Bazı insanlar daha şanslı oluyor. Sanırım biz onların arasındayız. Eşim uzun yıllar kendi işini yaptı. Ben de malum acilde çalıştım. Boş zamanımız olduğu için de iş ve yaşam dengemizi iyi kurabildik. Biz de ev, araba, tarla, tekne alabildik ama hepsini aynı anda değil…
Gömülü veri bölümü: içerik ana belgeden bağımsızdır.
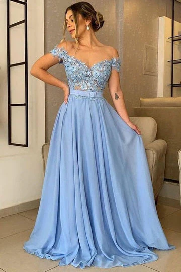 Off the Shoulder A Line Chiffon Blue Long Prom Sresses Appliques Evening Dress OK1330

Tarlada çocuklarımız bamya nasıl yetişir, susam nasıl olur, tavuklar elimizden nasıl yem yer, vb. öğrendi. Şehrimizin yayla denen kısmındaki tarla ve içindeki kâgir evi bir arabadan çok düşük bir fiyata almıştık. Denk gelmişti derler ya öyle olmuştu. Satınca, tarla yerini denizin nimetlerine bıraktı. Ev kredimize destek oldu ve küçük bir de tekne alabildik. Tıpkı onu da arabayı kredi çekerek ve alıp satarak nasıl büyütüyorsanız aynı şekilde büyüterek sonunda sattık. Önce koyun içinde oyalanalım yeter dedik daha sonra biraz daha ileriye gidelim dedik. Yaptık, yaşadık ve sattık. Tekne yerini karavana bıraktı. Onunla da biraz gezdik, deneyimledik ve sattık. Çocuklarımızın eğitimine katkı olarak kullanmaya devam ettik. Bir şeyleri alırken çok sevinmedik, satarken de üzülmedik. Aldığımız her şeyi daha iyi duruma getirerek sattık. Emek verdik. Her zaman sadece bir süreliğine bizimle dedik. Asıl olan ve elde kalan şey; elde etiğimiz mallar değil onlarla deneyimlediğimiz anlardır. Birçok insan bütün bunlara cesaret edemiyor. Ya da elindekileri bırakmak istemiyor…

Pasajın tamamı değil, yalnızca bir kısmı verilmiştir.